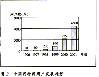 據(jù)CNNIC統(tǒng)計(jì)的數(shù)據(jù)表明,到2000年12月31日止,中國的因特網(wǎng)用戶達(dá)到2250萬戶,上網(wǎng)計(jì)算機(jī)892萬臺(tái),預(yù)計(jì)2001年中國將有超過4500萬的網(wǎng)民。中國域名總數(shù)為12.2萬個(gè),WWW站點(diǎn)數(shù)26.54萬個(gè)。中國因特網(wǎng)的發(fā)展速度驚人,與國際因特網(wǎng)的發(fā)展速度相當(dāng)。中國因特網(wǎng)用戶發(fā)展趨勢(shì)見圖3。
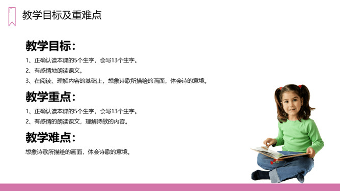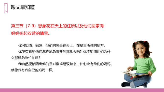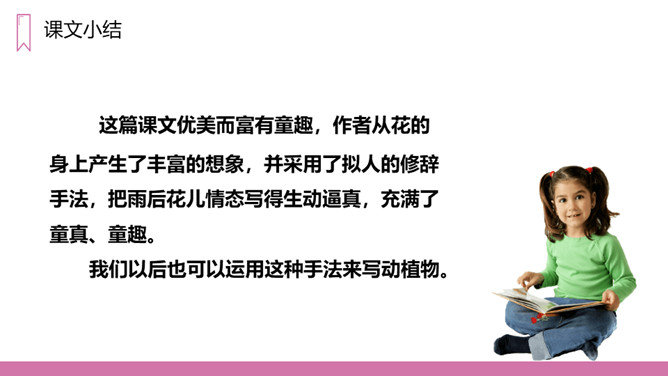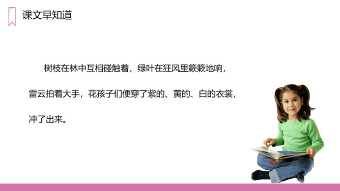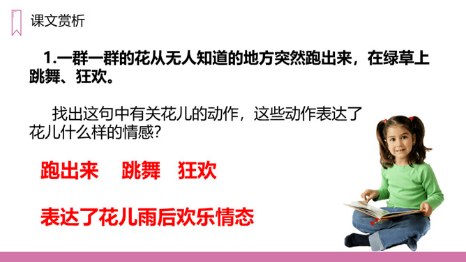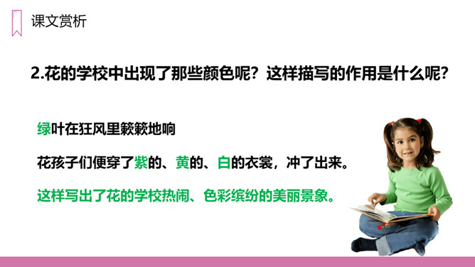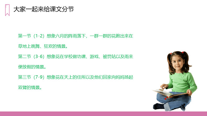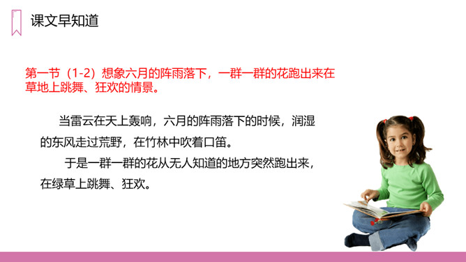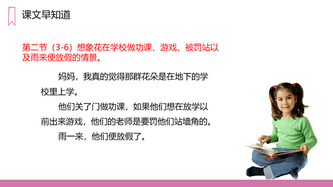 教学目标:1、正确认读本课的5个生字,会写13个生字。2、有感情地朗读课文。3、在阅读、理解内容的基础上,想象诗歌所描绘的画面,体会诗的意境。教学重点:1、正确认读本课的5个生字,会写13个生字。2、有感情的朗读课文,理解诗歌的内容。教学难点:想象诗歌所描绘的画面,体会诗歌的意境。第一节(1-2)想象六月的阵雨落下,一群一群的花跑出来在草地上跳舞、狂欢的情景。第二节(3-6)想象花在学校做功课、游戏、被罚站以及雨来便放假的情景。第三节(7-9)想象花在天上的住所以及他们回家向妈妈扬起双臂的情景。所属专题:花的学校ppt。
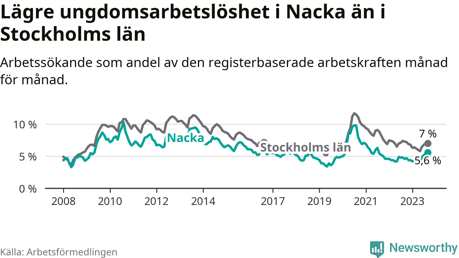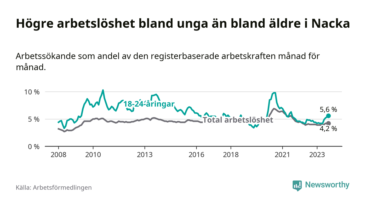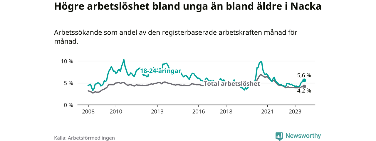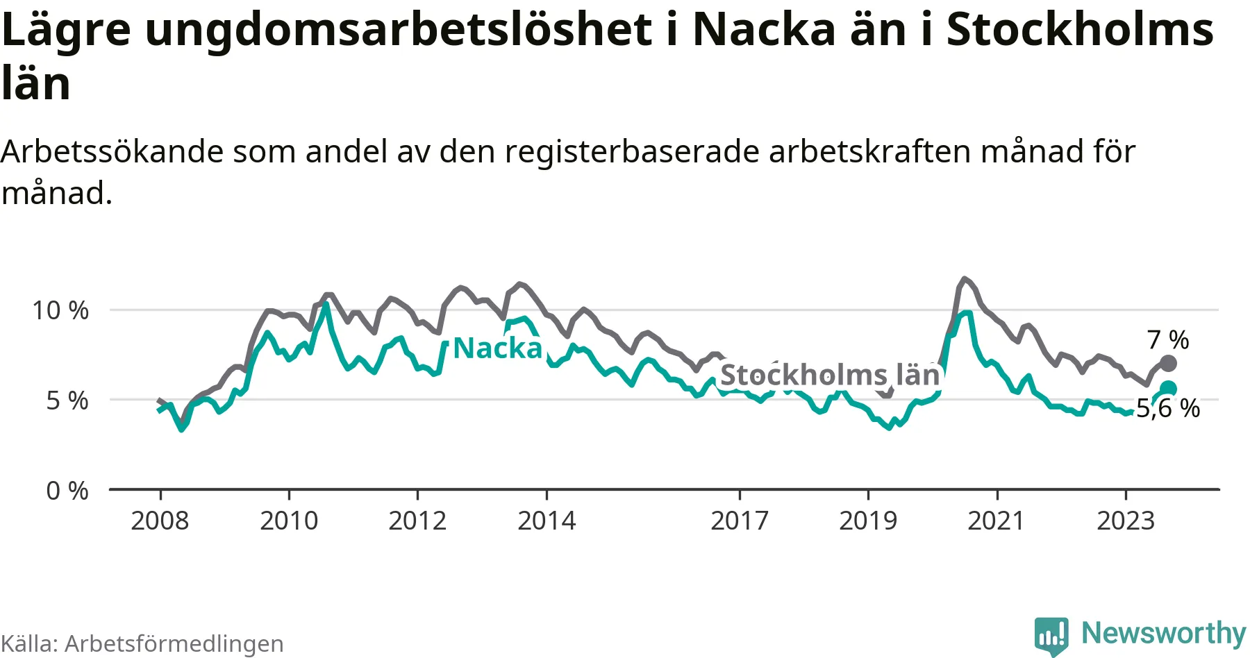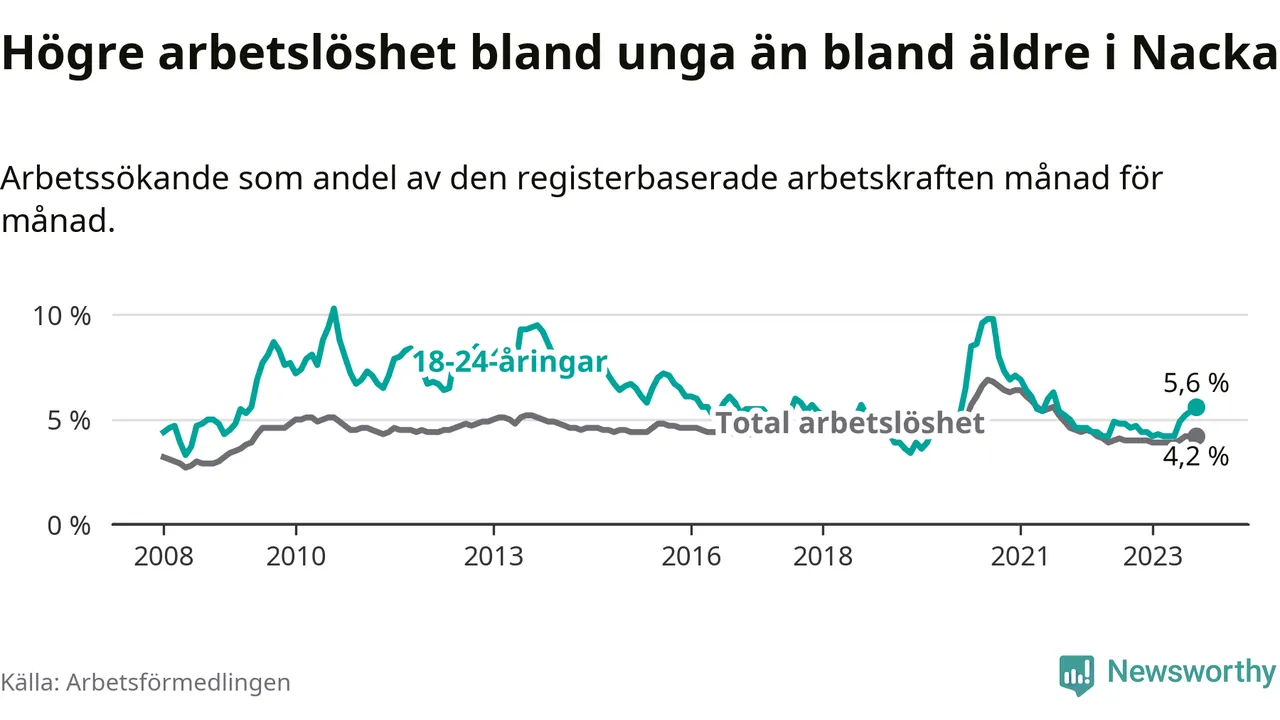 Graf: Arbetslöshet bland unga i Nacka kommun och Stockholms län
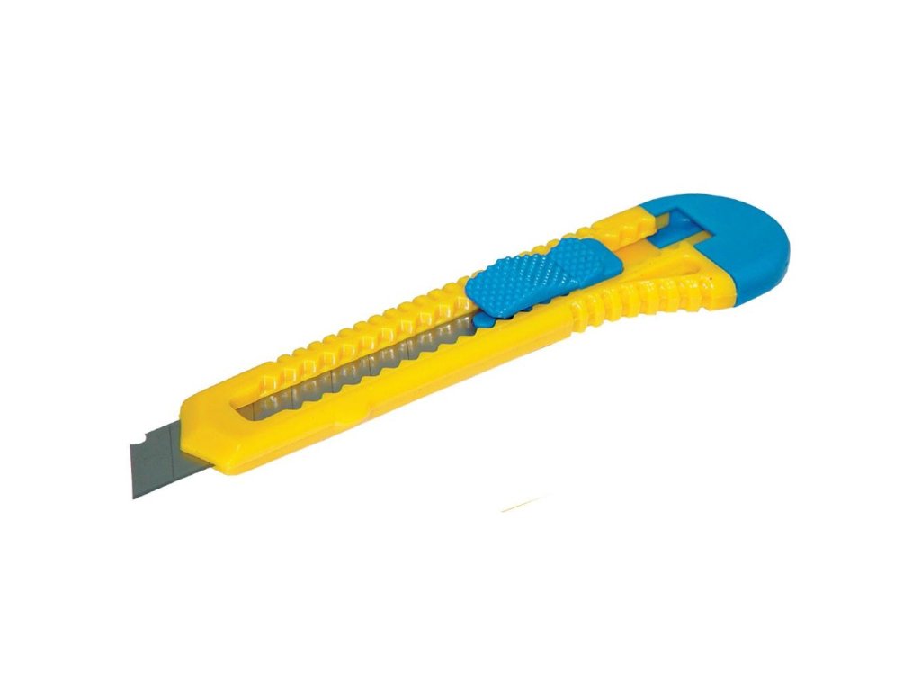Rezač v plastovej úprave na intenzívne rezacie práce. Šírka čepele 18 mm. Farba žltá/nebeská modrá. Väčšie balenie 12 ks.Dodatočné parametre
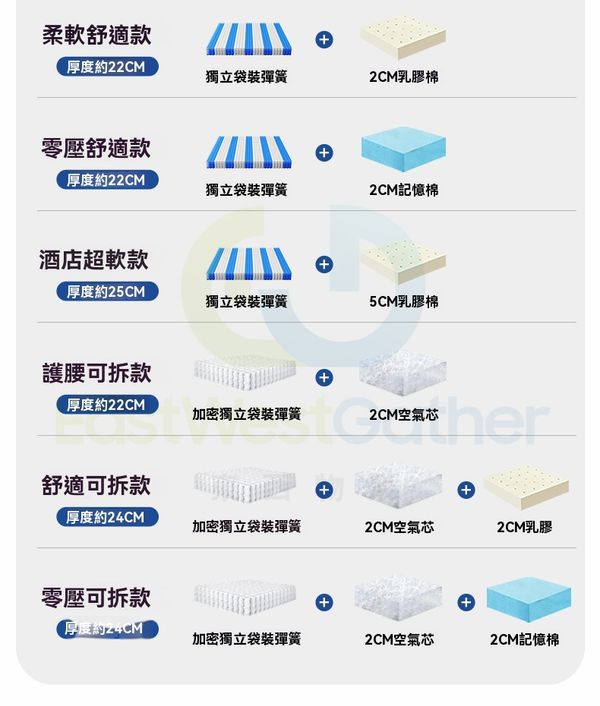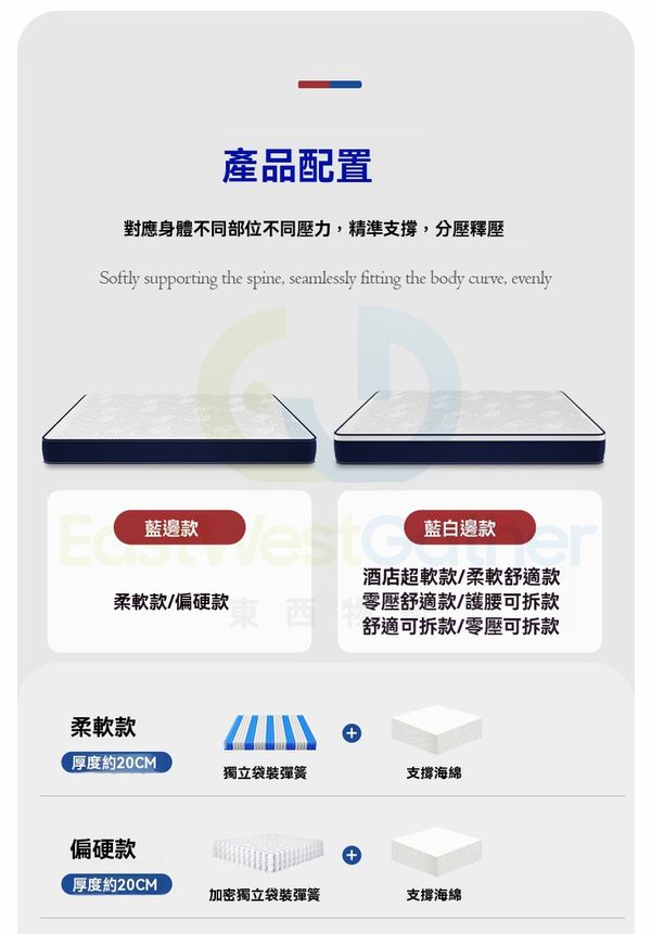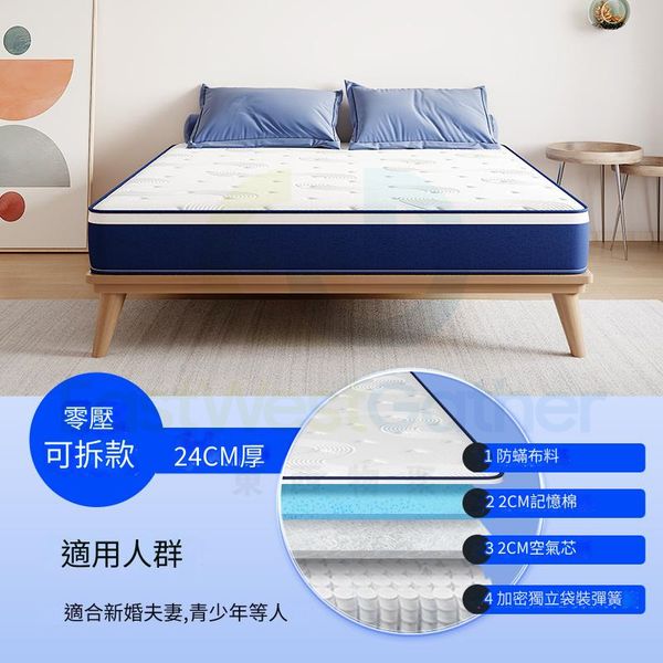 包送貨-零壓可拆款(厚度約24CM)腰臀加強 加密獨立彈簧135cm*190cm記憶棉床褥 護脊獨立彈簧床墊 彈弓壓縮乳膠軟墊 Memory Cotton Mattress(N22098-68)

● **Your instructions**: Output the listing above exactly, pictures omitted.

● **The completed task**:
 據(jù)CNNIC統(tǒng)計(jì)的數(shù)據(jù)表明,到2000年12月31日止,中國的因特網(wǎng)用戶達(dá)到2250萬戶,上網(wǎng)計(jì)算機(jī)892萬臺(tái),預(yù)計(jì)2001年中國將有超過4500萬的網(wǎng)民。中國域名總數(shù)為12.2萬個(gè),WWW站點(diǎn)數(shù)26.54萬個(gè)。中國因特網(wǎng)的發(fā)展速度驚人,與國際因特網(wǎng)的發(fā)展速度相當(dāng)。中國因特網(wǎng)用戶發(fā)展趨勢(shì)見圖3。
 教学目标:1、正确认读本课的5个生字,会写13个生字。2、有感情地朗读课文。3、在阅读、理解内容的基础上,想象诗歌所描绘的画面,体会诗的意境。教学重点:1、正确认读本课的5个生字,会写13个生字。2、有感情的朗读课文,理解诗歌的内容。教学难点:想象诗歌所描绘的画面,体会诗歌的意境。第一节(1-2)想象六月的阵雨落下,一群一群的花跑出来在草地上跳舞、狂欢的情景。第二节(3-6)想象花在学校做功课、游戏、被罚站以及雨来便放假的情景。第三节(7-9)想象花在天上的住所以及他们回家向妈妈扬起双臂的情景。所属专题:花的学校ppt。
 Graf: Arbetslöshet bland unga i Nacka kommun och Stockholms län
Rezač v plastovej úprave na intenzívne rezacie práce. Šírka čepele 18 mm. Farba žltá/nebeská modrá. Väčšie balenie 12 ks.Dodatočné parametre
 包送貨-零壓可拆款(厚度約24CM)腰臀加強 加密獨立彈簧135cm*190cm記憶棉床褥 護脊獨立彈簧床墊 彈弓壓縮乳膠軟墊 Memory Cotton Mattress(N22098-68)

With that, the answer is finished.